The cells in our bodies, the leaves on trees, the soil in which plants grow are all made up of atoms, chemicals, and material compounds which are dead matter, I thought.  This world view is called Cartesian dualism.  Renee Descartes tried to come up with a theory to account for the relationship between spirit and matter.  Willing your arm to move is spiritual.  Wanting, or willing, is spiritual.  But your arm is physical.  How can something spiritual like the will affect something physical like your arm?  I’m not sure Descartes ever came up with a satisfactory solution to this problem.  But he described the problem well—movements of the soul are spiritual; movements of the body are material.  “It is the spirit that gives life; the flesh is useless.”  Actually, Cartesian dualism actually goes back to Plato.  In Plato, there are two worlds: the world of the unchanging Ideal Forms, or ideas (ideai, eide) and the world of matter (hyle).  For Plato, what is really real, and our eternal home, is in the world of Ideal Forms; we end up on earth through a fall from the realm of Ideal Forms.  So the separation of spirit and matter can be traced way back to Plato.

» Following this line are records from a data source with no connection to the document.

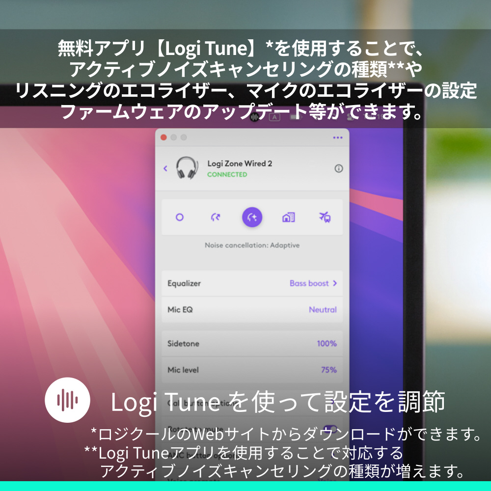 専用アプリ「Logi Tune*」を使用すれば、好みに合った音質の微調整やマイク感度の調整などのオーディオ設定に加え、ファームウェアの更新も簡単に実行可能です。別途使用しているウェブカメラ、マウス、キーボードなどの対応ロジクール製デバイスとともにカスタマイズすることで、生産性が向上します。
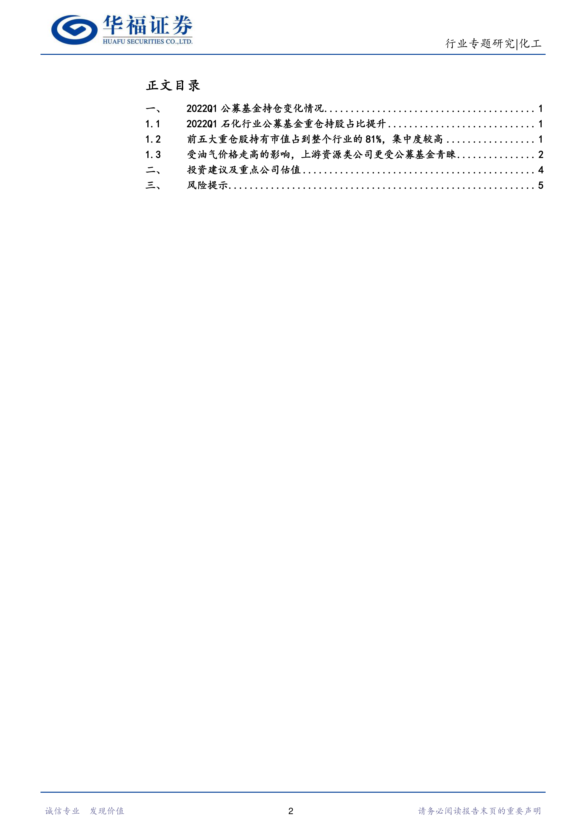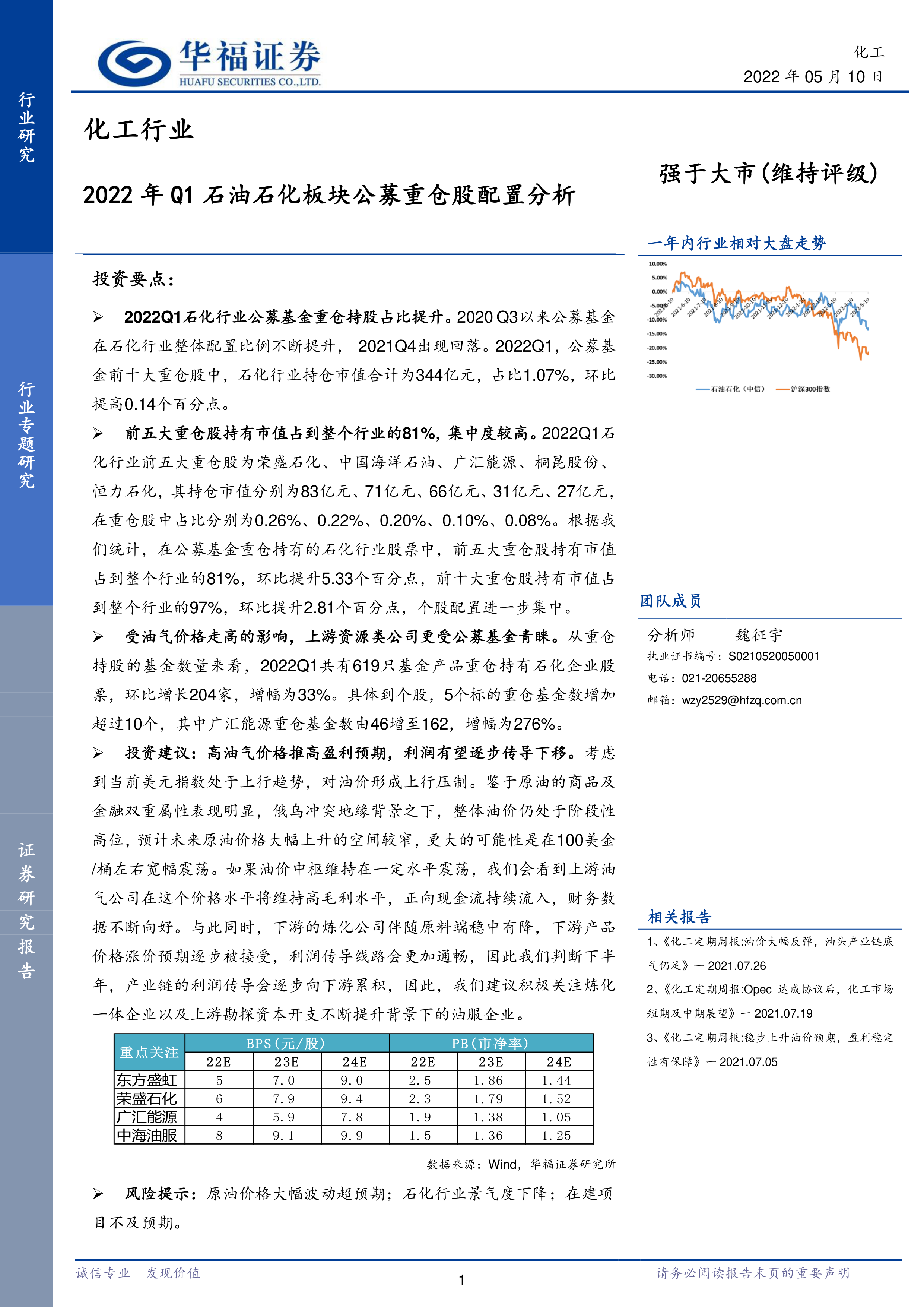 化工行业:2022年Q1石油石化板块公募重仓股配置分析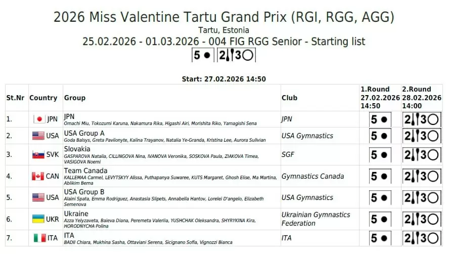 На Гран-при в Тарту ожидается участие выдающихся групповых команд, которые уже завоевали признание на международной арене. Среди них—сборная Японии, ставшая абсолютной чемпионкой мира в 2025 году. Также стоит отметить команду Украины, которая подтвердила свой статус, завоевав золото на Чемпионате мира в 2025 году в категории с мячами и обручами, а также серебро на Чемпионате Европы в том же виде.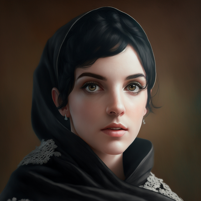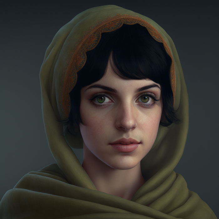 Запрос: "Diana Rigg, Young, Short, Cheerful, Turban, Long Hair, Approximately 25 years old, hyper realism, highly detailed, Unreal Engine 5, octane rendering"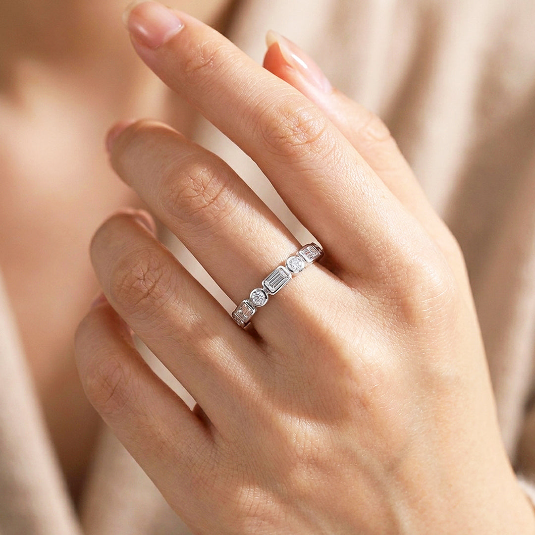 금속을 믹스하는 것은 신중하게 하면 세련된 스타일을 연출할 수 있습니다. 색상이나 디자인처럼 공통된 요소가 있는 반지를 선택해 통일감 있는 룩을 완성해보세요.

While early Christians were sympathetic to Plato, notably Augustine and Gregory of Nyssa, there is a problem with Plato.  The Bible says that when God created Nature, God called it “very good” (Genesis 1:31).  Plato’s contempt for the material world is not shared by Christians.  Nature is created by God and is good; we are meant to be born here by God’s creative design.

But is matter dead?  Is the theory of matter that I grew up with true?  I am not a physicist.  But after reflection on Swedenborg’s theology, and after dialogue with a Cree elder, and from what I know about contemporary quantum physics, I think there’s only a thin veil between spirit and matter—not the drastic gulf one finds in Plato and Descartes.

Quantum physics tells us that matter is continually in flux.  Sub-atomic particles are popping into existence and vanishing out of existence all the time.  Atoms and molecules are continually vibrating.  Electrons are more a shell of probability than they are particles that are here or there.  Furthermore, matter is not solid.  Consider atoms.  The electron shell around a nucleus is like a pea in the middle of Shea Stadium.  There is that much space between the electron shell and the protons and neutrons in the nucleus.  But not empty space.  There are electromagnetic fields, gravitational fields, and all manner of other forms of energy that make up “dead matter.”  Energy fields such as the electromagnetic field permeates all of the universe.  Our very thoughts are electromagnetic impulses.  Sparks.  Electromagnetic energy.  If our thoughts are electric sparks and if electromagnetic fields permeate everything—even rocks—how different are our thoughts from rocks?  From the matter in our thoughts and the matter in rocks.  Both are made up of sub-atomic particles and energy fields that are always in flux—are alive?

The veil between spirit and matter is very thin, probably porous.  Now, I don’t think matter is dead.  Now, I see God in all God’s creation.  Now I revere Nature as I do Nature’s Creator.